EXERCISE DATA:
-- -- --

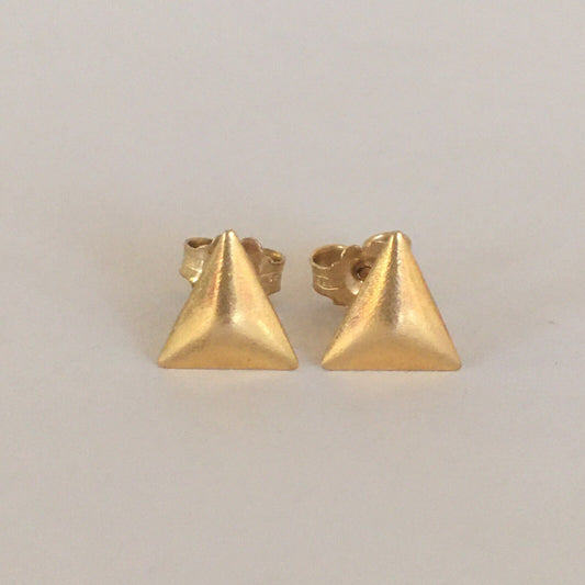 P-0360, New 14k Yellow Gold Earrings Studs Unique Triangle Design
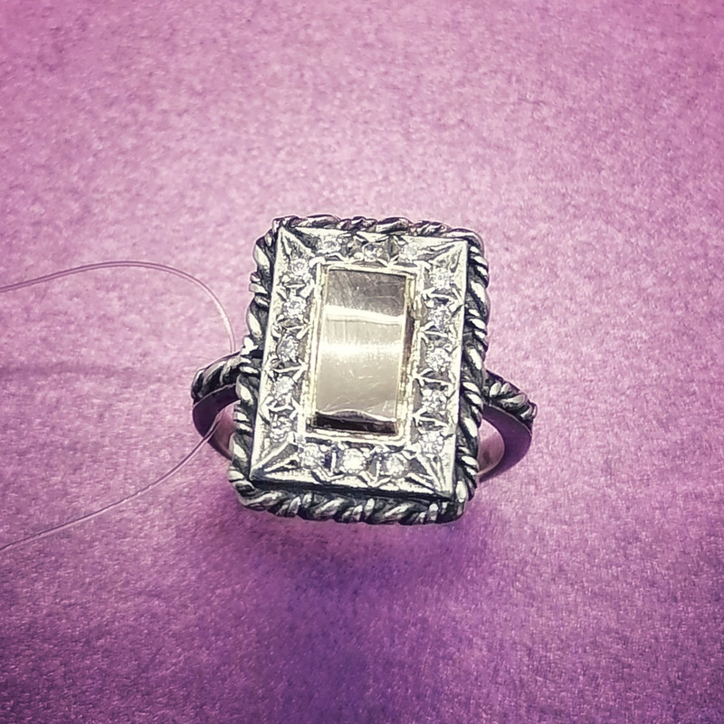 Кольцо выполнено из серебра 925 пробы. Инкрустировано прозрачными фианитами. Объёмное, шикарное, изысканное и очень модное изделие. Подходит к любому стилю одежды. Можно использовать в комплекте с другими изделиями. Превосходный подарок девушке/женщине на День Рождение.
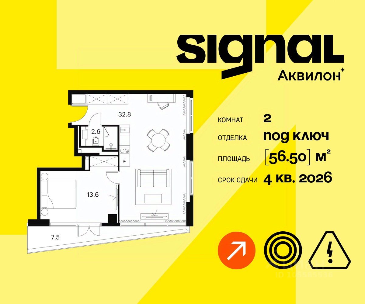 Продаются 2-комнатные апартаменты на 4 этаже 23-этажного современного апарт-комплекса Signal. Срок сдачи: 4 кв. 2026 г.
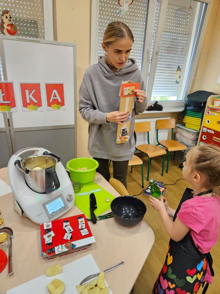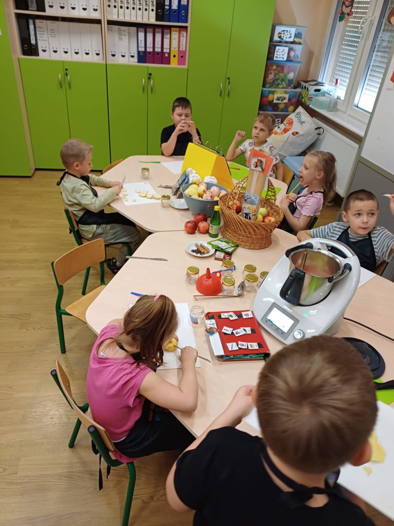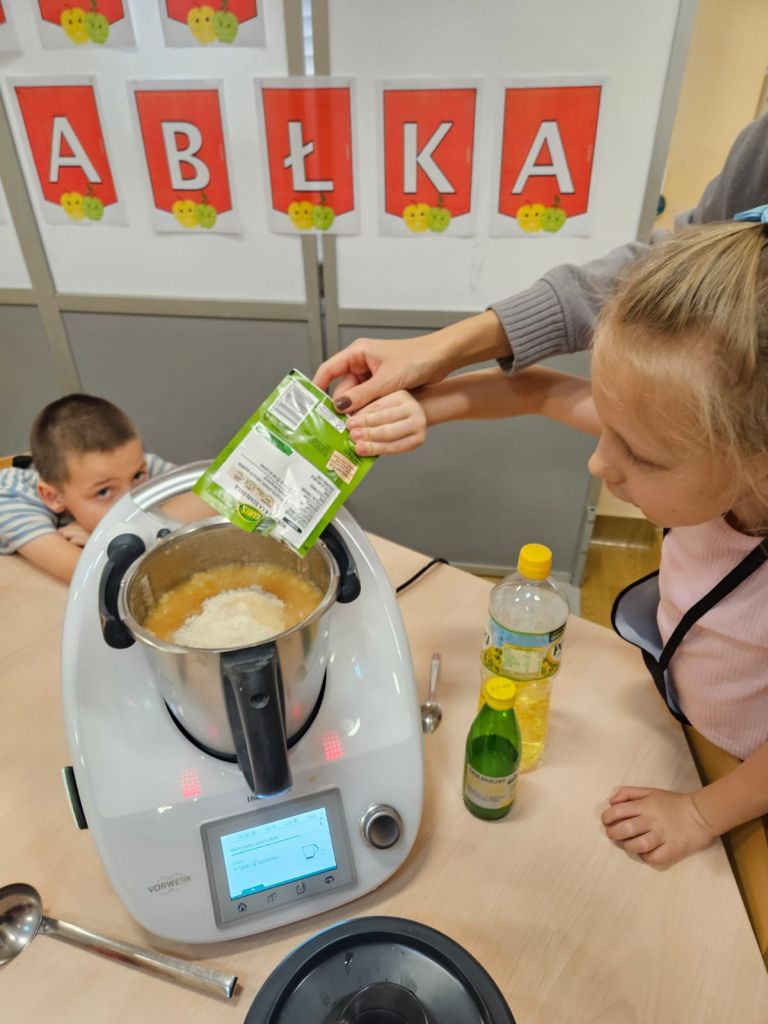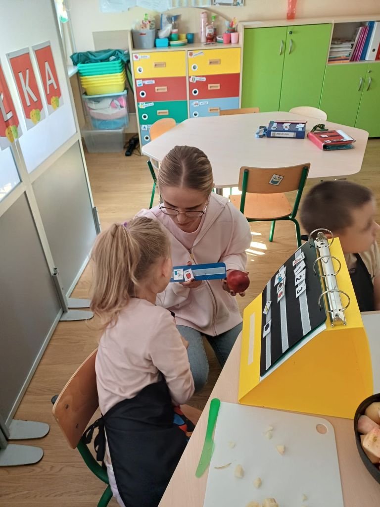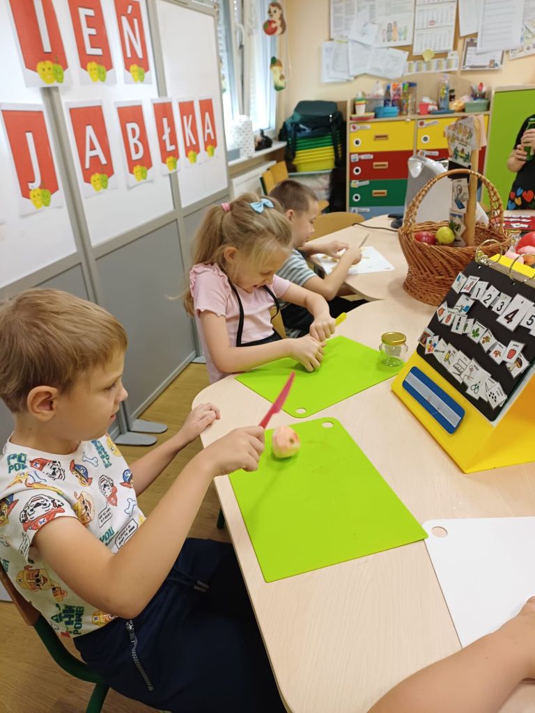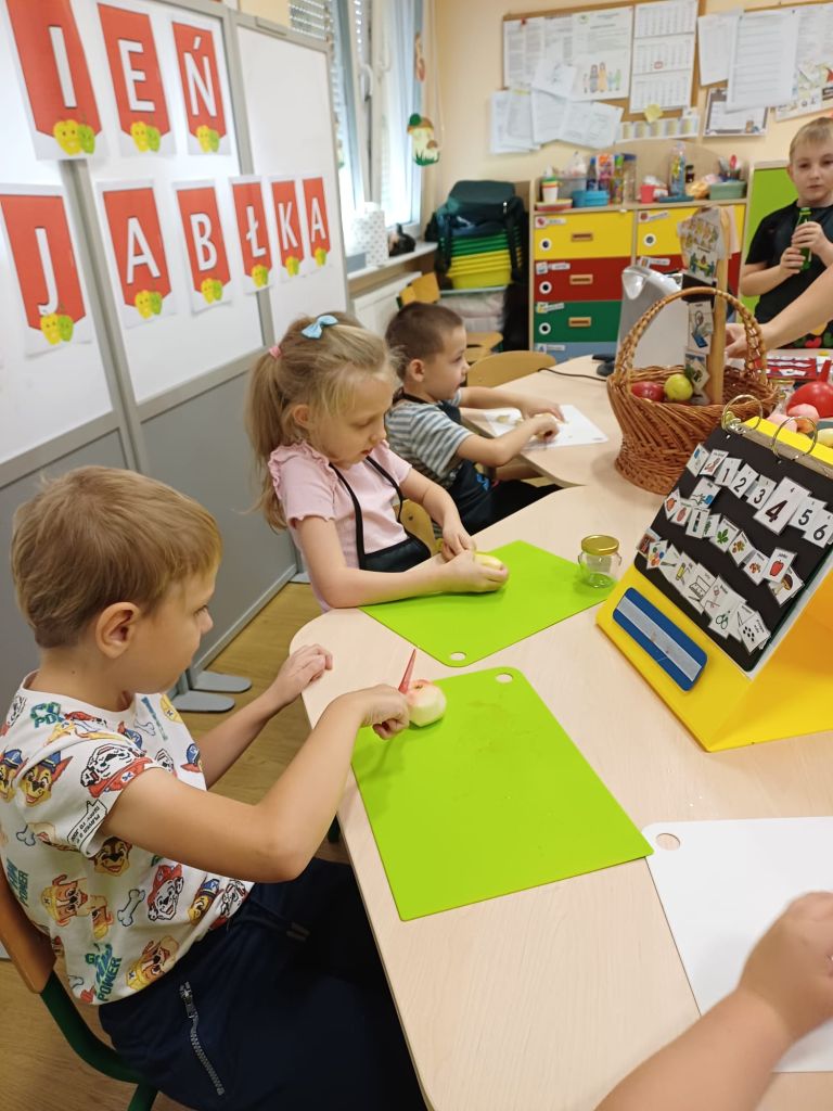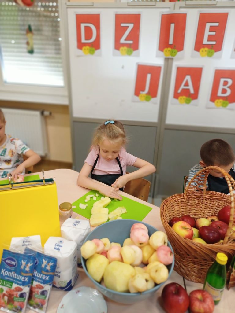 W tym tygodniu dzieci uczyły się kroić jabłka na kawałki. Była to doskonała okazja, by ćwiczyć cierpliwość, skupienie i sprawność dłoni. Pokrojone owoce zmieniły się w pyszny mus jabłkowy, który dzieci zabrały do domu, aby poczęstować rodzinę i wspólnie cieszyć się smakiem jesieni.
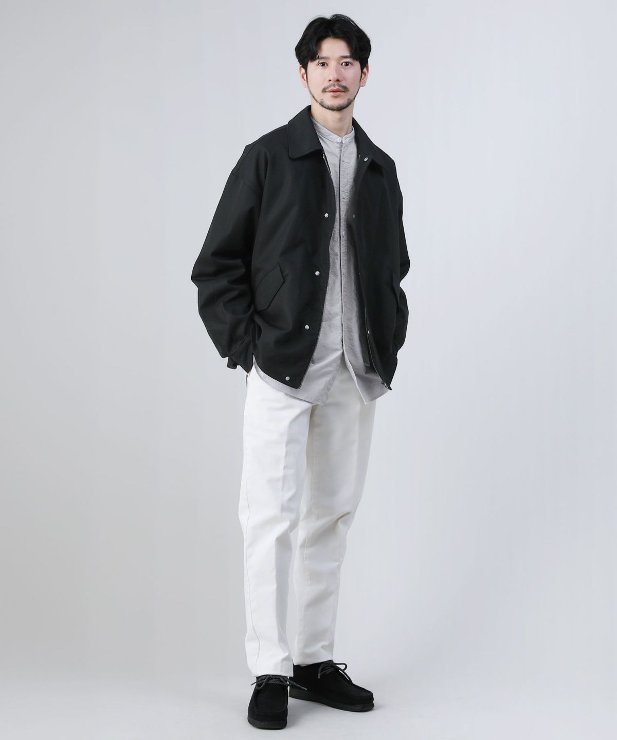 前・後ろから見るとボックスシルエットになり、横から見た時にはAラインシルエットとなる、ボクシーAラインシルエットになっています。窮屈感のないゆとりのあるサイジングで、歩いたときに後ろ身頃の生地に動きが出るお洒落なデザイン。サイドに丸く入ったスリットもアクセントになっています。ボタンを留めてスタイリッシュに着こなしていただくほか、ゆとりのあるデザインを活かしたレイヤードスタイルもお楽しみいただけます。
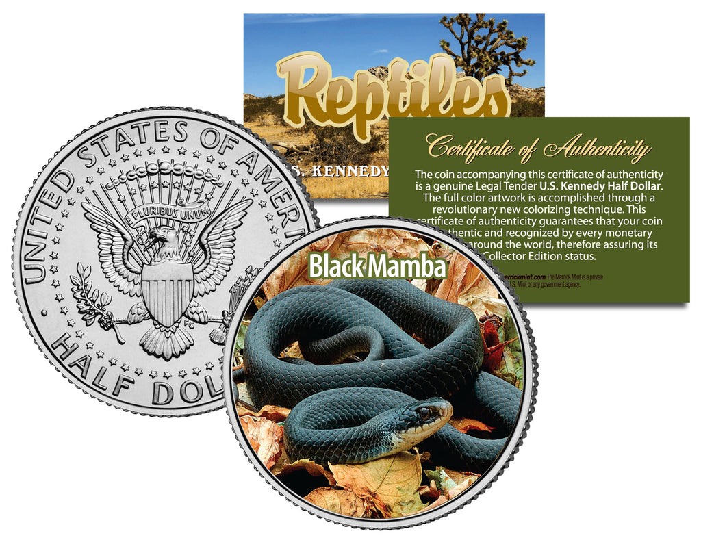 This COLLECTIBLE REPTILES SERIES – BLACK MAMBA coin is a treasured collectible, combining the popularity of reptiles with coin collecting. Here is your chance to own a beautifully colorized JFK Kennedy Half Dollar U.S. Coin. This high-quality genuine Legal Tender U.S. coin has been colorized using a unique painstaking multicolor authentic process. Colorizing coins involves the unique application of special inks directly to the surface of a coin that achieves a level of detail, color saturation, and durability that is #1 in the coin industry. The result is an everlasting colorized coin collectible of ultra-high quality. Each coin comes in a premium coin capsule with a Certificate of Authenticity.
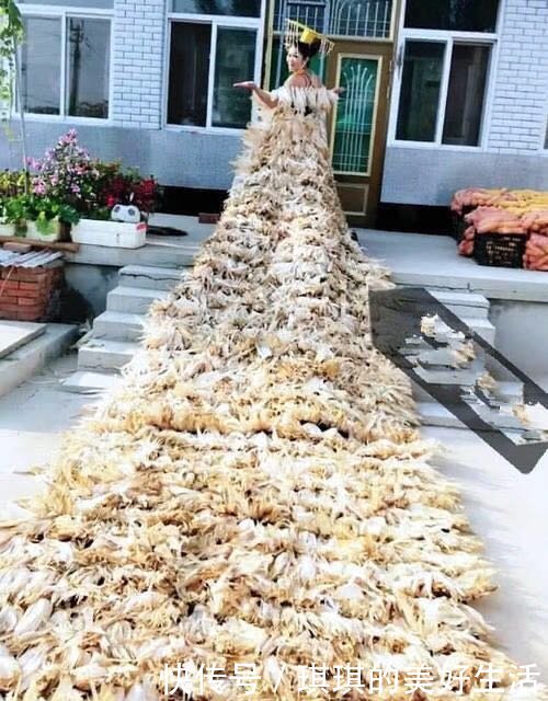 就这样过了3个月,家里人再看到这些玉米皮的时候,都被惊艳到了。原来小杨用这些玉米皮做了一件凤袍,有十几米长,一直从门口能拖到院子口,小杨站在屋顶上的时候,这件凤袍美爆了。你们觉得小杨的这个创意怎么样?
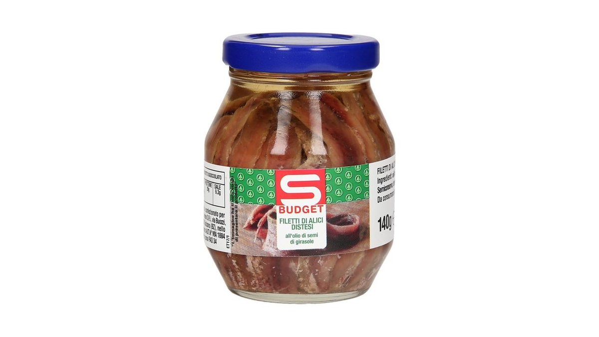 Fileti inčunov v sončničnem olju, S-Budget (140 g)
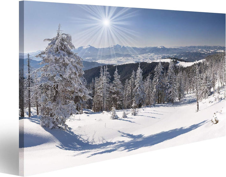 Bild Bilder auf Leinwand Schöne Winterlandschaft in den Bergen Wandbild Poster Leinwandbild VAZ 130x
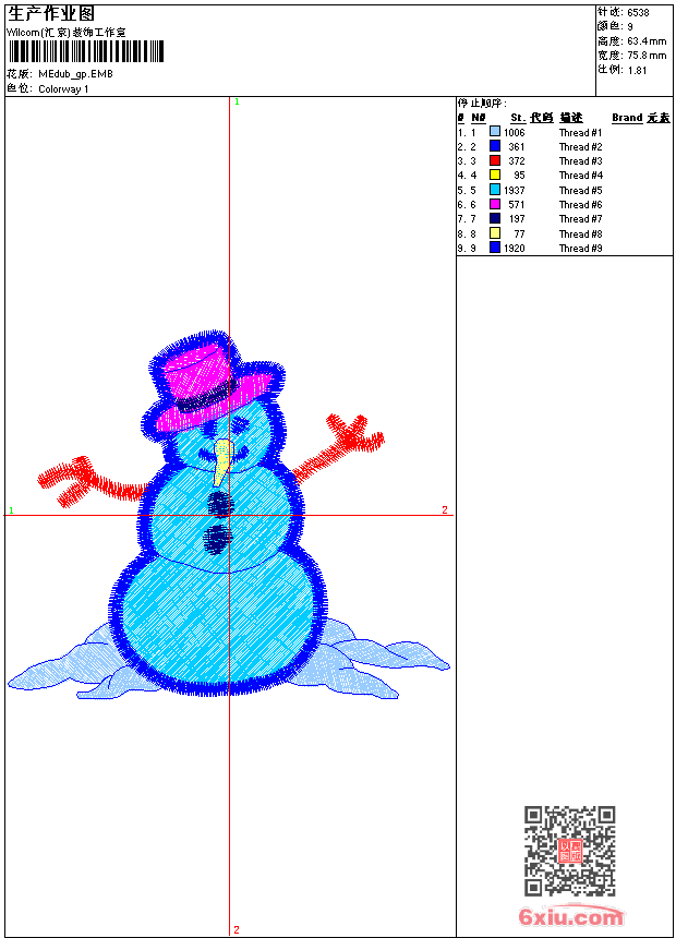 - emb花版参数: 大小:41.00 KB / 尺寸:76*63[毫米] / 针数:6538针 / 线色:9 / 格式:emb / 版本:9
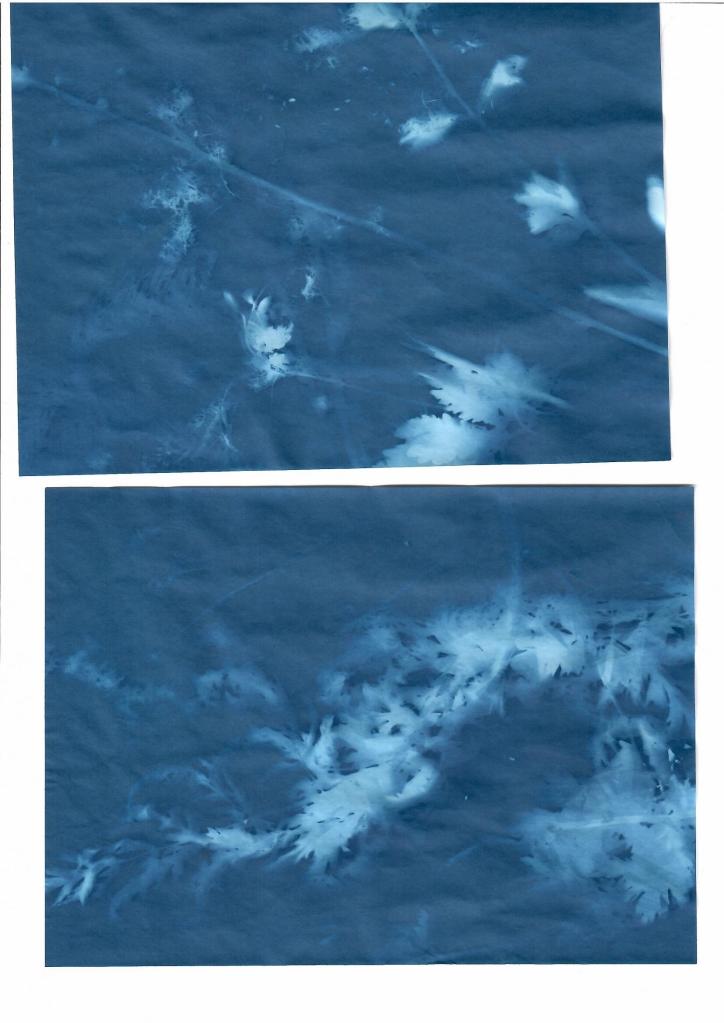 Künstlerisch (und technisch wohl vor allem) ist noch Luft nach oben zu erkennen bei den „Cyanotypien“. Ich musste etwas probieren, um überhaupt einige erkennbare Strukturen auf dem Papier abbilden zu können, aber langsam wird es besser…eine schöne Nebenbeschäftigung am Sonntag.
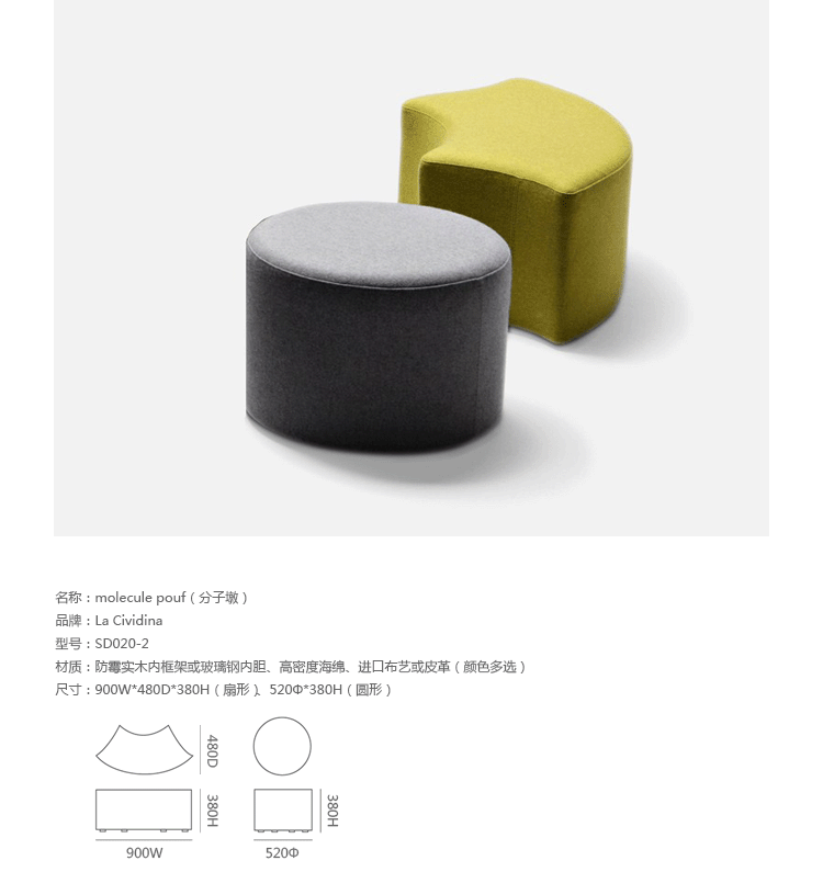Molecule Pouf(分子墩)为意大利知名设计师 Stefano Bigi 所设计的家具作品系列,此系列包括两款形状产品三叶形结构以及圆柱体结构,可搭配其他装饰的元素和小会议圆桌,您可根据喜好进行组合搭配。制作采用防霉实木内框架或玻璃钢内胆、不易变形、高密度海绵、进口布艺或皮革(颜色多选),需要提醒的是,其布艺或皮革外套是不可拆卸的。

-- -- --

Starting at the first line of the data, set down each line exactly until you have copied the line with "前・後ろから見るとボックスシ", but leave the pictures out.

 P-0360, New 14k Yellow Gold Earrings Studs Unique Triangle Design
 Кольцо выполнено из серебра 925 пробы. Инкрустировано прозрачными фианитами. Объёмное, шикарное, изысканное и очень модное изделие. Подходит к любому стилю одежды. Можно использовать в комплекте с другими изделиями. Превосходный подарок девушке/женщине на День Рождение.
 Продаются 2-комнатные апартаменты на 4 этаже 23-этажного современного апарт-комплекса Signal. Срок сдачи: 4 кв. 2026 г.
 W tym tygodniu dzieci uczyły się kroić jabłka na kawałki. Była to doskonała okazja, by ćwiczyć cierpliwość, skupienie i sprawność dłoni. Pokrojone owoce zmieniły się w pyszny mus jabłkowy, który dzieci zabrały do domu, aby poczęstować rodzinę i wspólnie cieszyć się smakiem jesieni.
 前・後ろから見るとボックスシルエットになり、横から見た時にはAラインシルエットとなる、ボクシーAラインシルエットになっています。窮屈感のないゆとりのあるサイジングで、歩いたときに後ろ身頃の生地に動きが出るお洒落なデザイン。サイドに丸く入ったスリットもアクセントになっています。ボタンを留めてスタイリッシュに着こなしていただくほか、ゆとりのあるデザインを活かしたレイヤードスタイルもお楽しみいただけます。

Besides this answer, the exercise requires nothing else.